7.1. Introducing Set Operations

A set is a collection of objects. In relational databases, a table can be regarded as a set of rows. Elements in a set do not have to be ordered. In relational databases, rows do not have to be ordered as they are entered or stored. Set operations are used in SQL to retrieve data from multiple sets, and include a binary union, binary intersection and binary set difference . A result set is obtained in SQL from the result of a SELECT.

A binary union is a set operation on two sets, the result of which contains all the elements of both sets. A binary intersection generates values in common between two sets. And, a binary set difference generates values in one set less those contained in another set.

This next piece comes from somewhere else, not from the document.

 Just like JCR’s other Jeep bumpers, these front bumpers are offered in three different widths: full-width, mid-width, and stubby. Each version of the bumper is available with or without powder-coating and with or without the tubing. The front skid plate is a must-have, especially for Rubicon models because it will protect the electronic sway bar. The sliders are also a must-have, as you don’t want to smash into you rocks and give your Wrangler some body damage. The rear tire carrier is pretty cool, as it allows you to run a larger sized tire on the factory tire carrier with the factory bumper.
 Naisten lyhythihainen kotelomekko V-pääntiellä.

Three explicit set operations are used in SQL: UNION, INTERSECT, and MINUS (for set difference). SQL Server allows the explicit use of the UNION and INTERSECT operations. Because the MINUS set operation cannot be explicitly used in SQL Server , we will illustrate the MINUS operation by using the very common IN predicate and its negation, NOT..IN, which enable us to accomplish the same result as using INTERSECT and MINUS.

The format of a set statement is as follows:

   set OPERATOR set

where OPERATOR is a UNION, INTERSECT or MINUS, and where "set" is defined by a SELECT.

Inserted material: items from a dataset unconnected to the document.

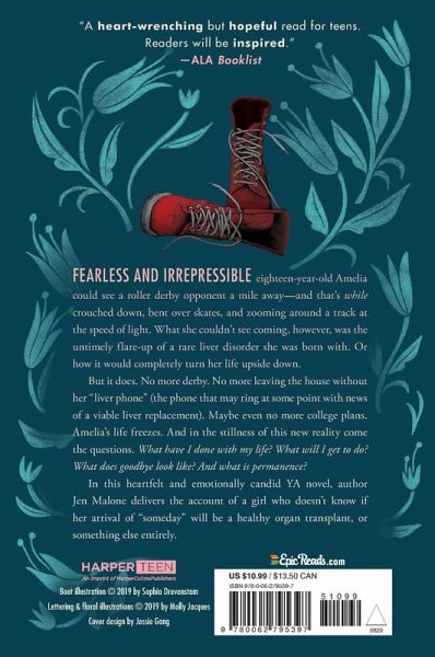 In this emotionally candid contemporary YA, author Jen Malone delves into the world of a teen whose life is brought to an abrupt halt when she learns she’s in dire need of an organ transplant. Hard-charging and irrepressible, eighteen-year-old Amelia Linehan could see a roller derby opponent a mile away—and that’s while crouched down, bent over skates, and zooming around a track at the speed of light. What she couldn’t see coming, however, was the flare-up of the rare liver disorder she was born with. But now it’s the only thing she—and everyone around her—can think about. With no guarantee of a viable organ transplant, everything Amelia’s been sure of—like college plans or the possibility of one day falling in love—has become a huge question mark, threatening to drag her down into a sea of what-ifs she’s desperate to avoid. Then a friend from the past shows up. With Will, it’s easy to forget about what’s lurking between the lightness of their time together. She feels alive when all signs point elsewhere. But with the odds decidedly not in her favor, Amelia knows this feeling can’t last forever. After all, what can?
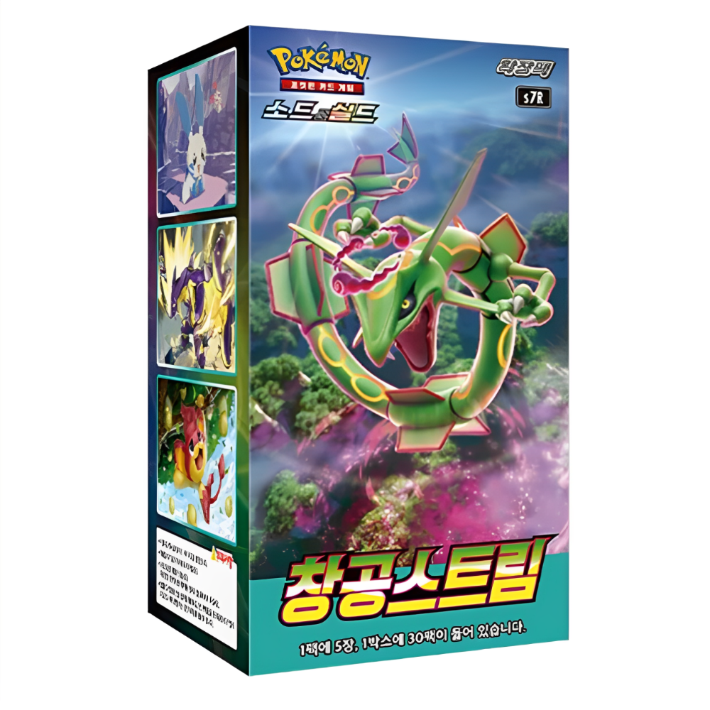 Ge dig ut bland skyhöga strider och kraftfulla drag med den sydkoreanska versionen av Blue Sky Stream s7R – en boosterbox laddad med episka kort och legendariska Pokémon!
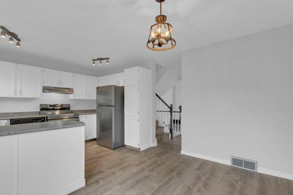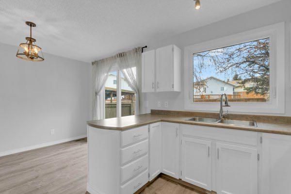 OPEN HOUSE SUN APRIL 19th: 12 -3PM. This home checks the boxes! NO CONDO FEES! Many upgrades which include many brand new windows, and a brand new stainless steel fridge and stove, dishwasher in 2019, washer in 2021 and dryer in 2020. The roof shingles were new in 2019 and the furnace in 2020. The hot water tank was replaced in 2022. There are upgraded laminate floors, upgraded bathroom vanities and a beautiful new Bathfitter tub & surround in the upstairs bathroom. With LED lights, a fresh coat of paint throughout, and so many updates, this property will provide a safe and secure place to call home for years to come! There are a total of 4 bedrooms with one in the basement plus a recreation room that just needs the ceiling finished. Enjoy the big south facing deck off the new patio doors, and a big pie-shaped backyard with a covered pergola. The garden shed is powered with electricity. Previously, the occupants parked two cars off street behind the back fence, but there is plenty of room to build a garage or plan other off street parking on the lot, plus there is on street parking as well. The living room features a cozy woodburning fireplace and the primary bedroom features a vaulted ceiling and a modern ceiling fan. Located on a quiet cul-de-sac across from a huge park space, you’ll appreciate that the community centre, schools, churches, playgrounds, shops, and bus are all within walking distance. Close to South Glenmore Park, Costco, Southcentre and so much more with easy access to the Stoney Trail ring road.

First we will discuss the UNION operator; the INTERSECT operator will be discussed later in the chapter.

The following is the syntax for a general form of an UNION:

    SELECT *
    FROM   TableA
    UNION
    SELECT *
    FROM TableB

Set statements allow us to combine two distinct sets of data (two result sets) only if we insure union compatibility, as explained in the next section.

7.1.1. Union Compatibility

Union compatibility, the commonly used SQL terminology for set compatibility, means that when using set operations, the two sets (in this case, the results of two SELECTs) being unioned have to have the same number of similar columns and the columns have to have compatible data types. Next we will explain what compatible data types means, and we will return to the issue of "similar" columns in a later section.

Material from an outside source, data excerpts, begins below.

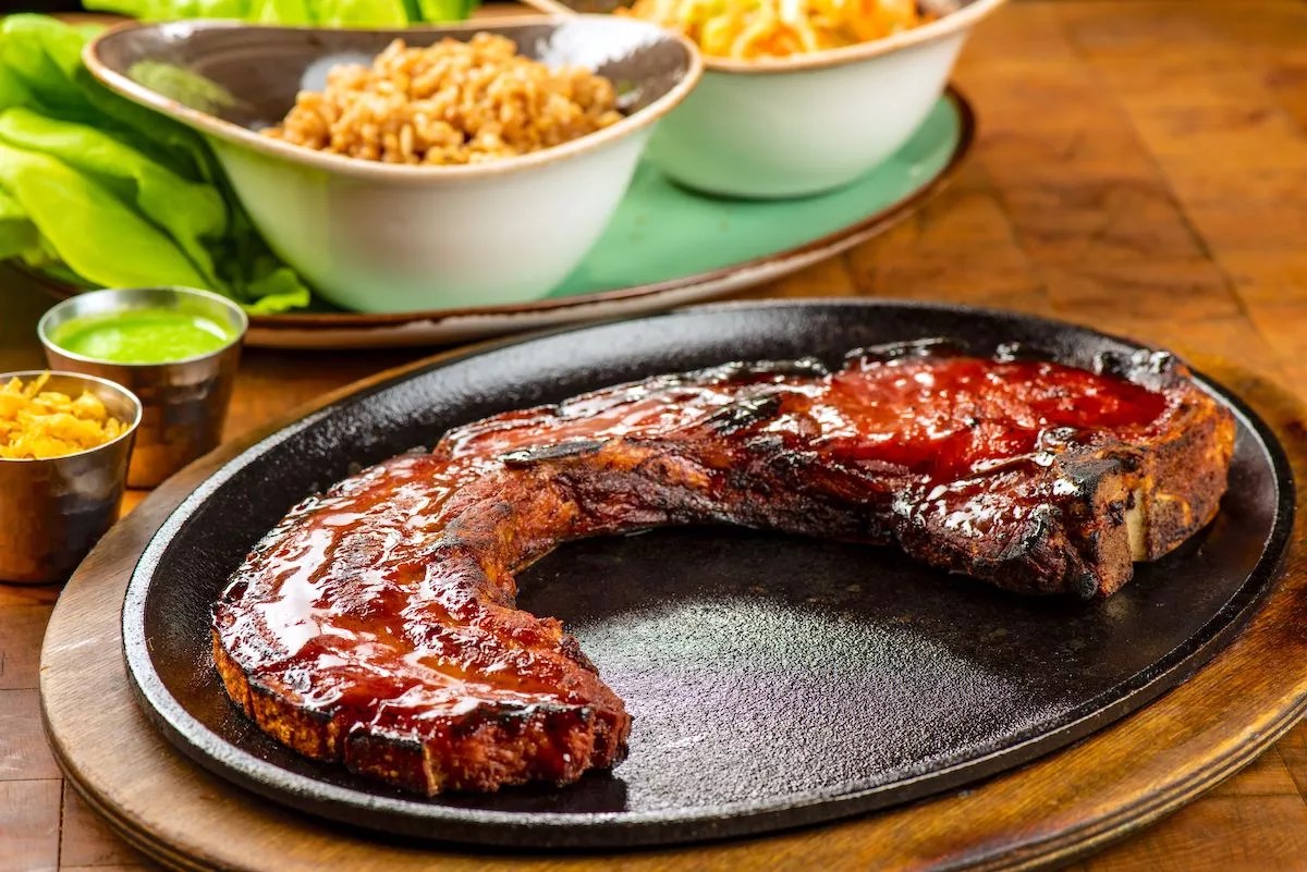 Chuleta at Toro Toro. At Richard Sandoval’s Toro Toro, located inside the InterContinental Miami hotel, pork lovers can “go ham” on a new dish. The restaurant just introduced a monster-sized, 32-ounce cut of porcine goodness known as the Chuleta – a giant meat Mohawk of pork loin, ribs, and a strip of pork belly all in one. The kitchen prepares the massive slab of Duroc pork by marinating it in an achiote-spiked mixture for up to 24 hours. While the traditional way to cook a
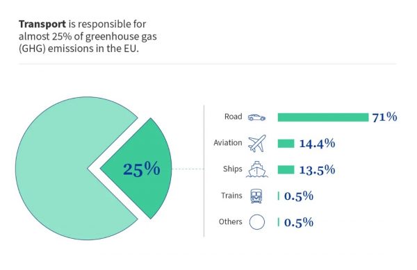 Να σημειωθεί ότι σύμφωνα με σχετική έκθεση, οι μεταφορές είναι υπεύθυνες για το 25% των εκπομπών ρύπων στην ευρωπαϊκή επικράτεια ενώ αξίζει να σημειωθεί ότι το 71% οφείλεται σε οδικές μεταφορές.
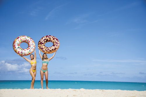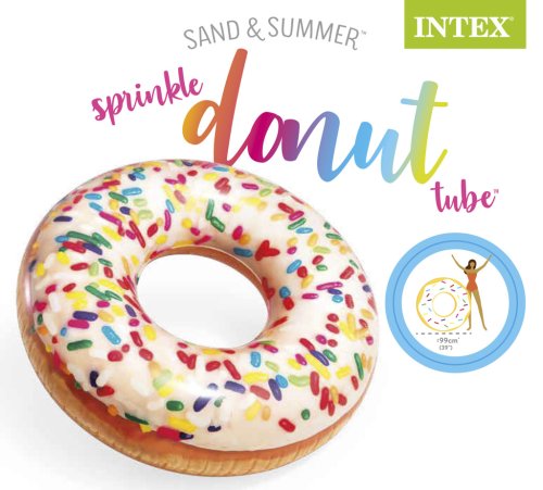Nafukovací kruh donut o veľkosti 99 cm. Vyrobené z kvalitného vinylu. Nafukovací kruh s realistickou potlačou šišky Donutu. Kruh využijete v bazéne aj na dovolenke pri mori. Krásny kúsok, s ktorým bude kúpanie jedna veľká zábava. Súčasťou balenia je aj sada na opravu. Rozmery balenia 18 x 20 x 5 cm. Vhodné pre deti od 9 rokov.

So what does "compatible" data types mean? The data types of the columns of the two sets being unioned do not necessarily have to be exactly the same, meaning that they may differ in length and even type, but they have to be "well-matched." For union compatibility, the three basic data types are numeric, string, and dates. All numeric columns are compatible with one another, all string columns are compatible with one another, and all date columns are compatible with one another. For numbers, SQL will convert integers, floating-point numbers, and decimals into a numeric data type, to make them compatible with one another. So any numeric column (for example, integers) can be unioned with any other numeric column (for example, decimals). Likewise, any fixed-length character column and any variable-length character column will be converted to a character data type, and take on the larger size of the character columns being unioned. Similarly, date columns will be combined to a date data type.

For union compatibility, the three basic data types are numeric, string, and dates.

Union compatibility can happen in several ways:

By unioning two tables or views that have identical columns (which implies the same domains as well).
By taking two subsets from a table and combining them.
By using two views from two tables respectively with the columns chosen so that they are compatible.

For the data type precedence rules, refer to the "Data Type Precedence" section in Chapter 6.